● **PROVIDED DATA**:
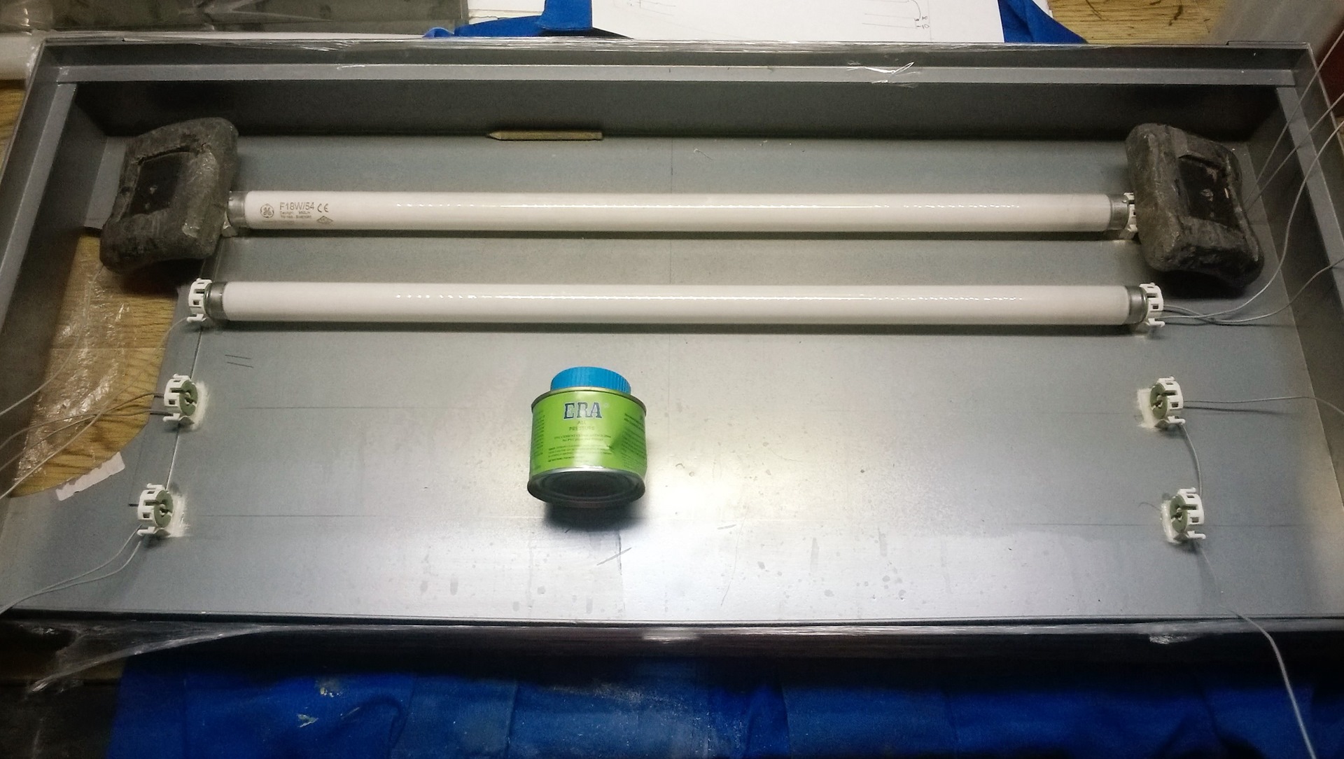 - Сборка корпуса: К нижней части каркаса с помощью подходящего клея крепится прямоугольник из оргстекла. Наверх устанавливается пластиковая крышка, на которой закреплены лампы и пусковое устройство. Эта крышка должна легко сниматься для проведения любых работ.
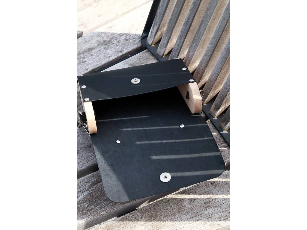 Kožená kabelka s drevenými vložkami, čierna
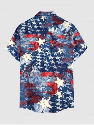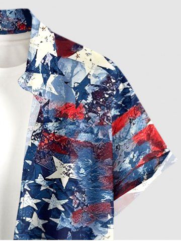 Plus Size Distressed Patriotic American Flag Print Button Pocket Shirt For Men - Deep Blue - 3xl
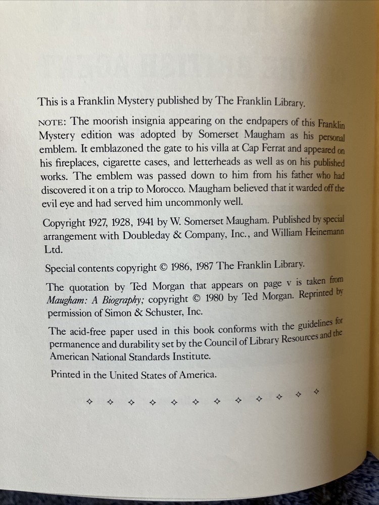 Bump On Cover——-Delve into the captivating world of mystery and suspense with the Franklin Mystery Library edition of "Ashenden" by W. Somerset Maugham. This luxurious leather-bound volume, printed in 1987, is a treasure for both collectors and fans of gripping narrative. The book offers a seamless reading experience in English, with its pages bound in supple leather that promises to age well. Ashenden takes you on a journey through intrigue and espionage, with Maugham's masterful storytelling that has stood the test of time. Published by the prestigious Franklin Library, this book is not just a reading material but a piece of craftsmanship from the United States, perfect for display or to be savored in a cozy nook. Please ask all questions before bidding. Please see all photos. If you are unhappy with item,please contact me to resolve the problem before opening a case,I value your business and work hard to keep a top seller rating, Thank You!
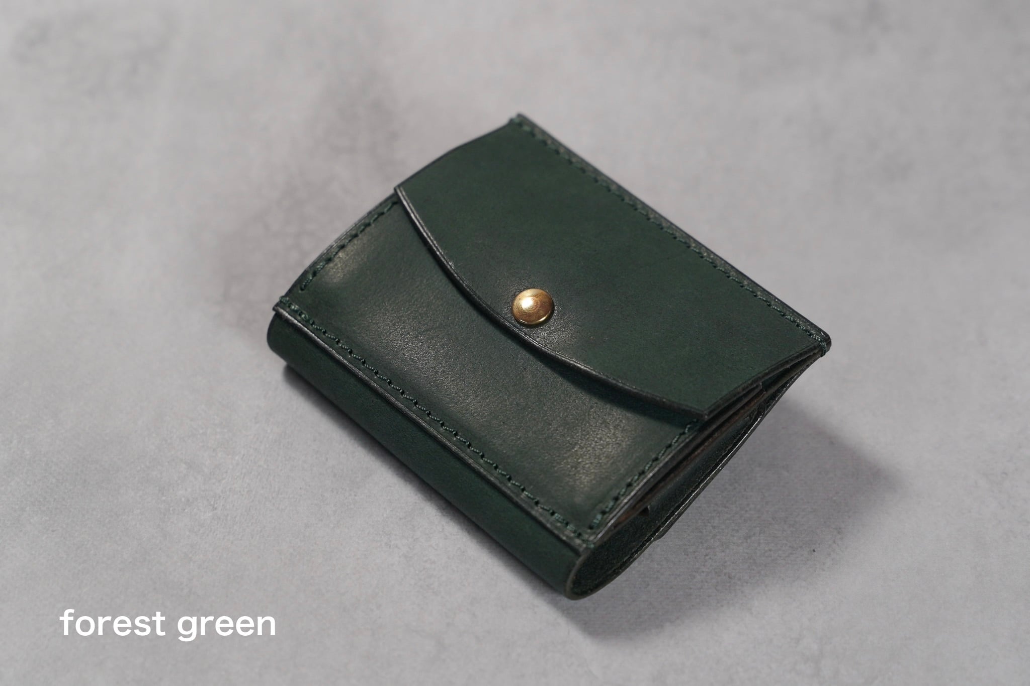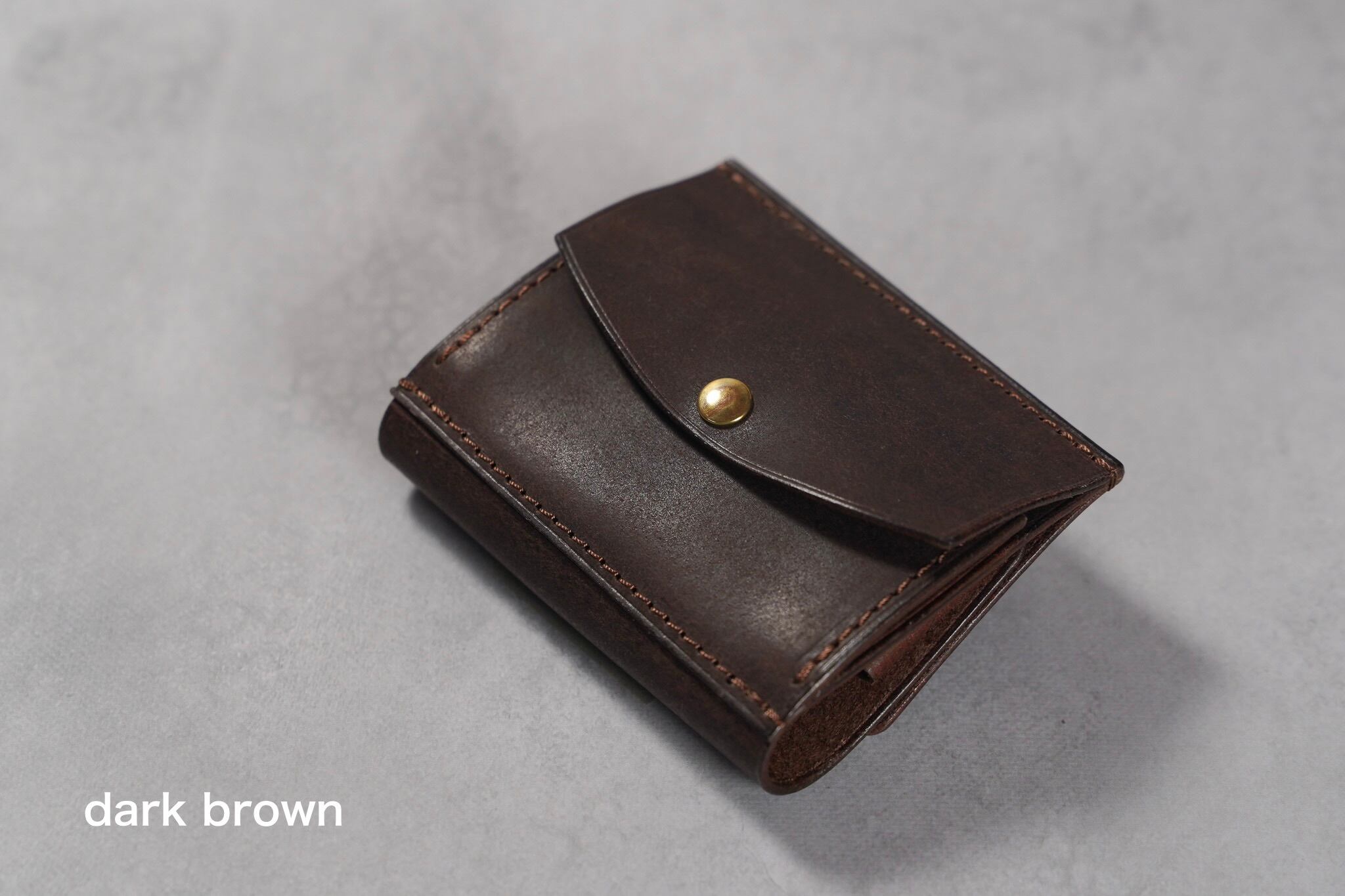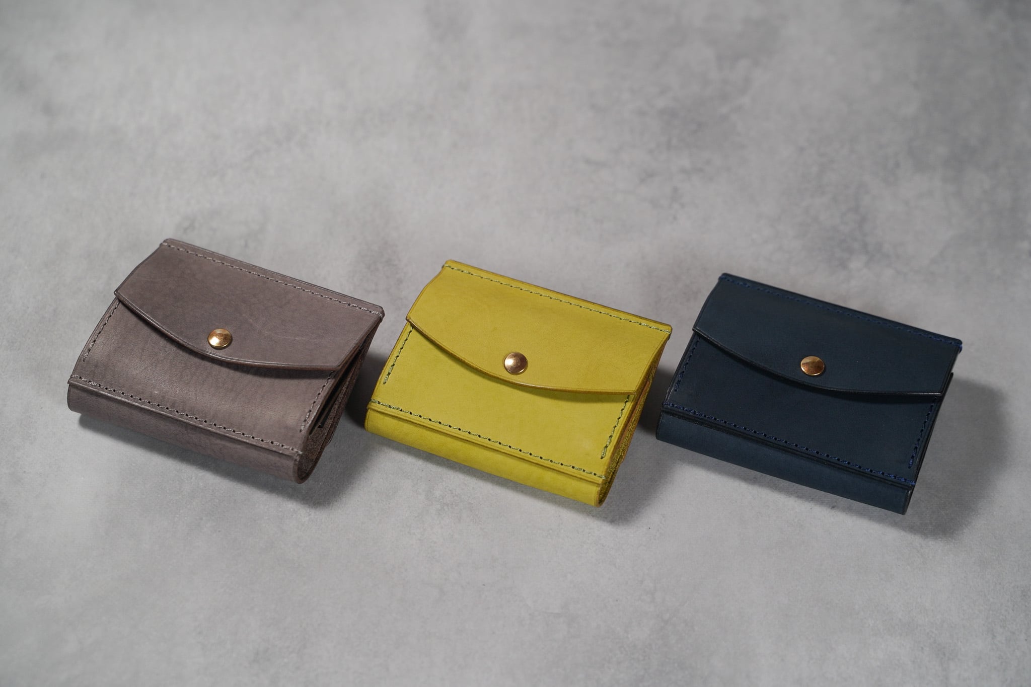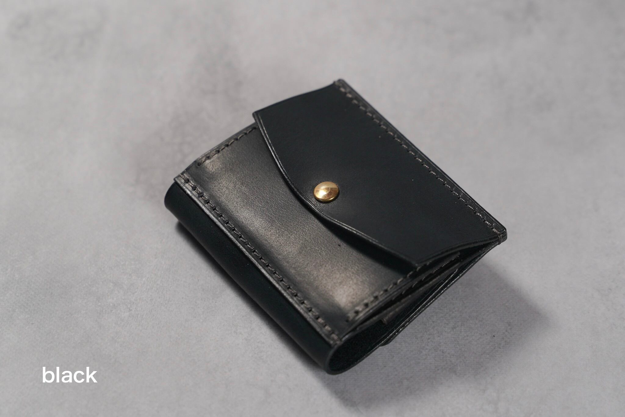 お札は約10枚、カードはプラスチック製の厚さのものを約5枚収納でき、小銭入れは浅めで見やすく、財布を畳んだ時は外側にあるので、見た目以上の容量です。
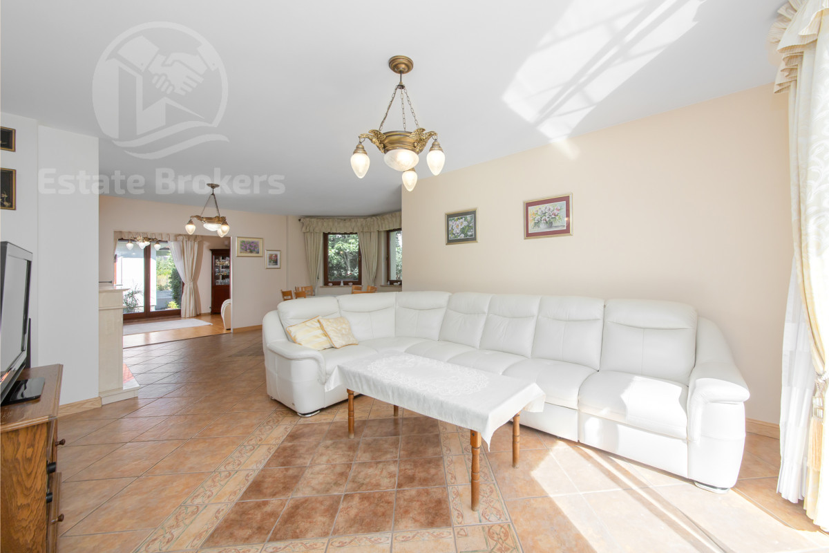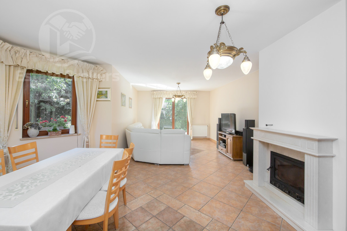 - Wysoka jakość wykończenia: marmurowy kominek, mahoniowe okna, granitowe blaty
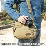 価格: 3,980円 ■サイズ: 外寸/W260×D140×H225mm 内寸/W230×D105×H200mm ■ベルト長:690〜1300mm ■材質: 表装/コットン(撥水加工)・PVC 内装/ナイロン ■重量:605g 軟らかいキャンバス地(厚手)を使ったショルダーバッグです。 カメラレンズ付本体だけでなくズームレンズなどのカメラレンズをもう1本収納できます。カメラやアクセサリーの固定に便利な仕切は、位置変更&取り外しが可能です。 カメラの収納スペースは、外部からの衝撃からしっかり保護するクッション材を使用しています。バッグの底面にはショックと汚れを防止
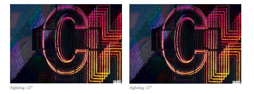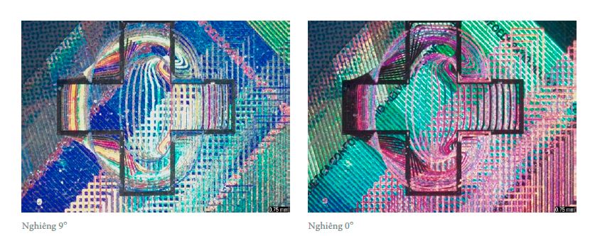 Hình ảnh của hình ảnh ba chiều bảo mật trên giấy tùy thân của một người Thụy Điển ghi lại bằng cách tăng độ nghiêng đầu quan sát của DVM6, được thể hiện trong bảng phía dưới và video bên dưới.
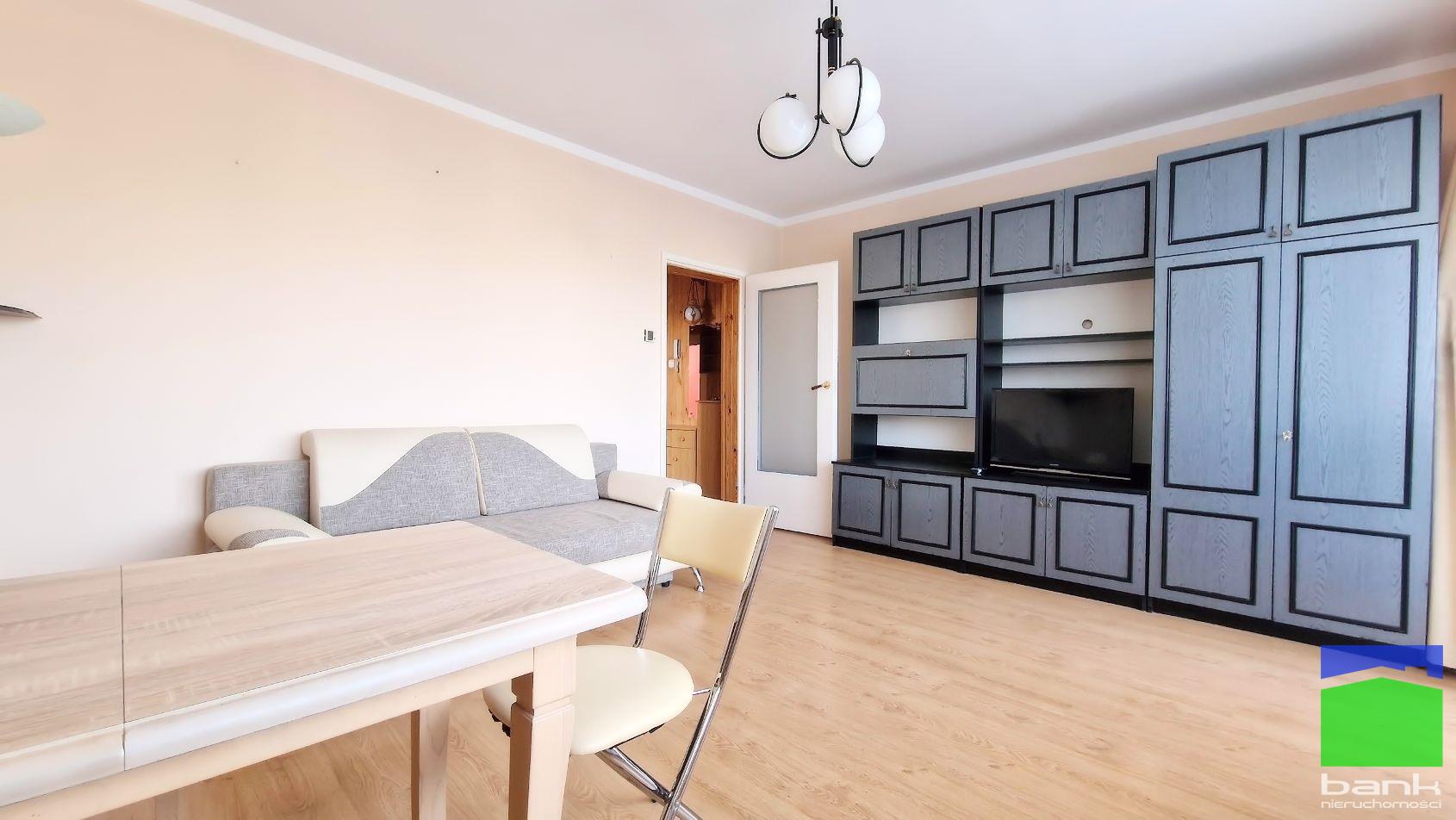 Pokój dzienny z wyjściem na balkon. Oddzielna kuchnia, ustawna sypialnia,
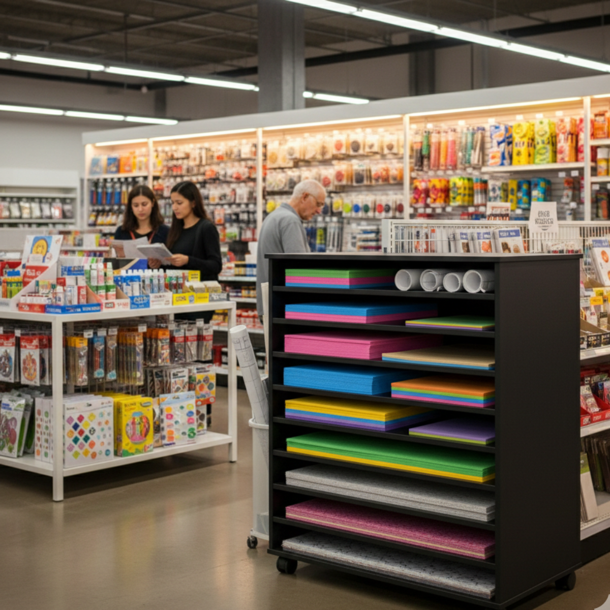 Ideal para comércios, papelarias e ateliês, este armário com 8 nichos é perfeito para organizar cartolinas, ColorSet, EVAs e outros materiais. Prático, com rodízios de gel (2 com trava) que facilitam o transporte e garantem estabilidade.
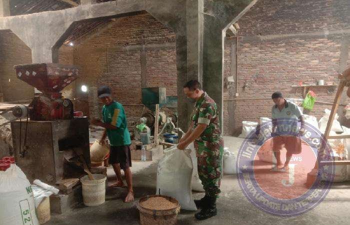 Kegiatan Babinsa komsos dengan pemilik penggilingan padi untuk mendorong para pemilik penggilingan agar selalu bekerja sama dengan para petani dan pemerintah guna mendukung program pemerintah dalam hal Ketahanan Pangan.

● **PROBLEM TO WORK ON**:
Restate word for word the lines of the data above that begin at the line with "- Wysoka jakość" and end at the line with "価格: 3,980円 ■サイズ: 外寸/W260×D140×H225mm", keeping both ends and dropping every picture.

● **YOUR RESPONSE**:
 - Wysoka jakość wykończenia: marmurowy kominek, mahoniowe okna, granitowe blaty
 価格: 3,980円 ■サイズ: 外寸/W260×D140×H225mm 内寸/W230×D105×H200mm ■ベルト長:690〜1300mm ■材質: 表装/コットン(撥水加工)・PVC 内装/ナイロン ■重量:605g 軟らかいキャンバス地(厚手)を使ったショルダーバッグです。 カメラレンズ付本体だけでなくズームレンズなどのカメラレンズをもう1本収納できます。カメラやアクセサリーの固定に便利な仕切は、位置変更&取り外しが可能です。 カメラの収納スペースは、外部からの衝撃からしっかり保護するクッション材を使用しています。バッグの底面にはショックと汚れを防止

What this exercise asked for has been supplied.